▶ **WORK TASK**: Could the listing below be reproduced exactly, minus its pictures?

▶ **THE DATA**:
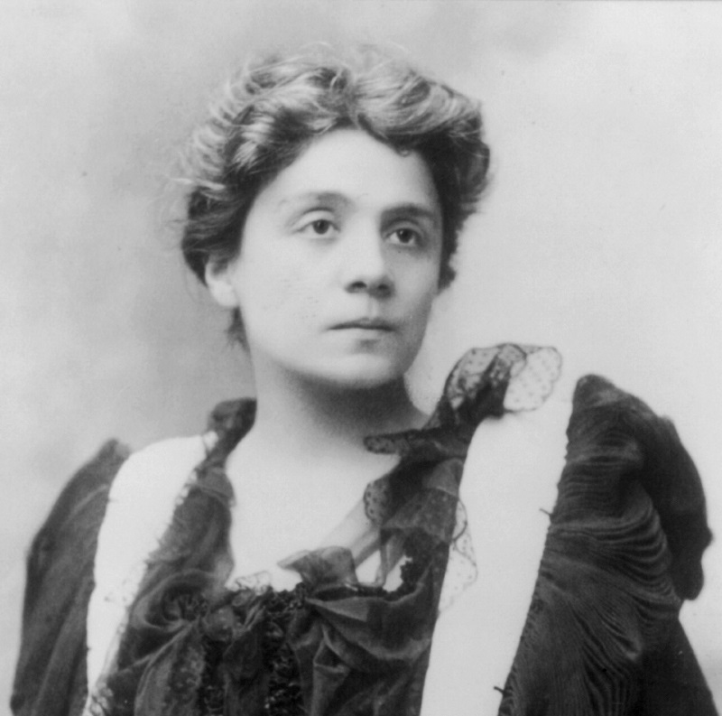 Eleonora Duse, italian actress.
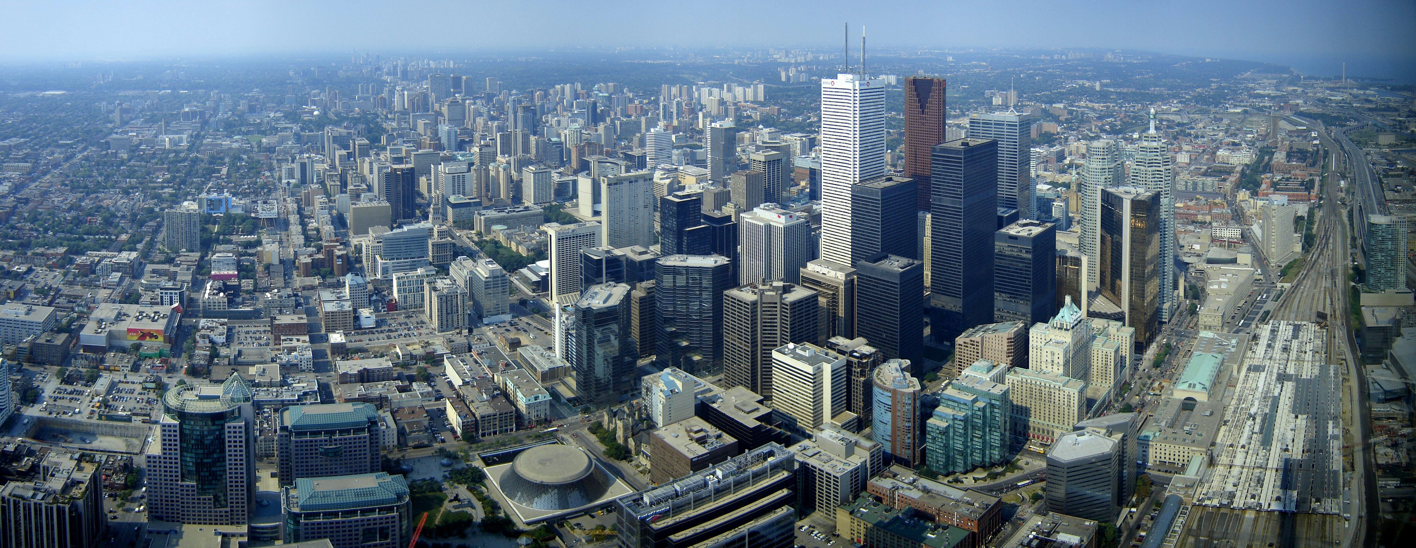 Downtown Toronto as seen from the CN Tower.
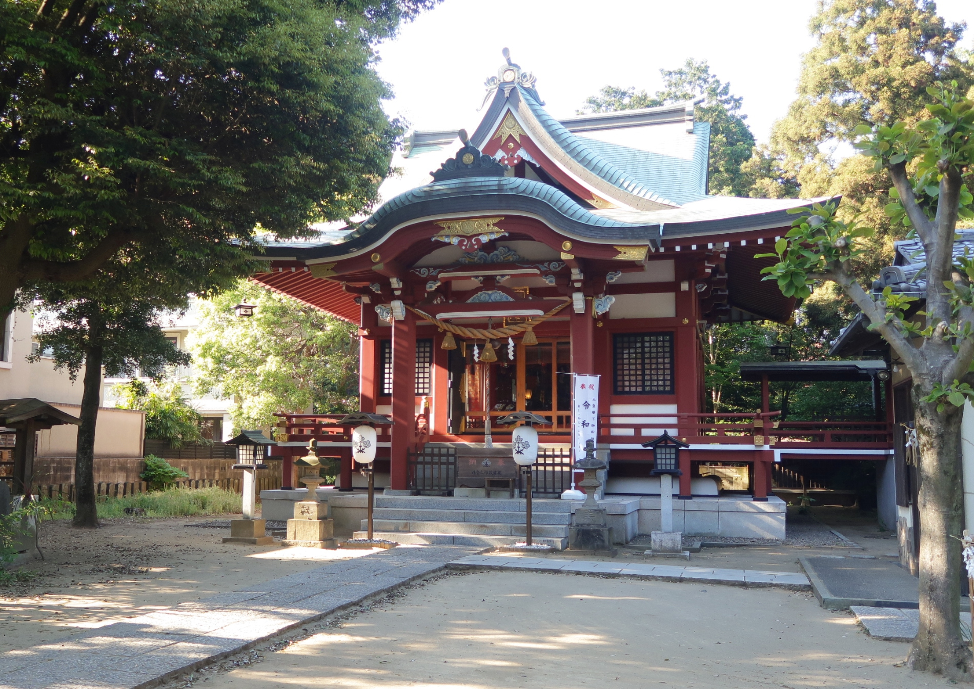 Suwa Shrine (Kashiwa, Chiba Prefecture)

▶ **TASK ANSWER**:
 Eleonora Duse, italian actress.
 Downtown Toronto as seen from the CN Tower.
 Suwa Shrine (Kashiwa, Chiba Prefecture)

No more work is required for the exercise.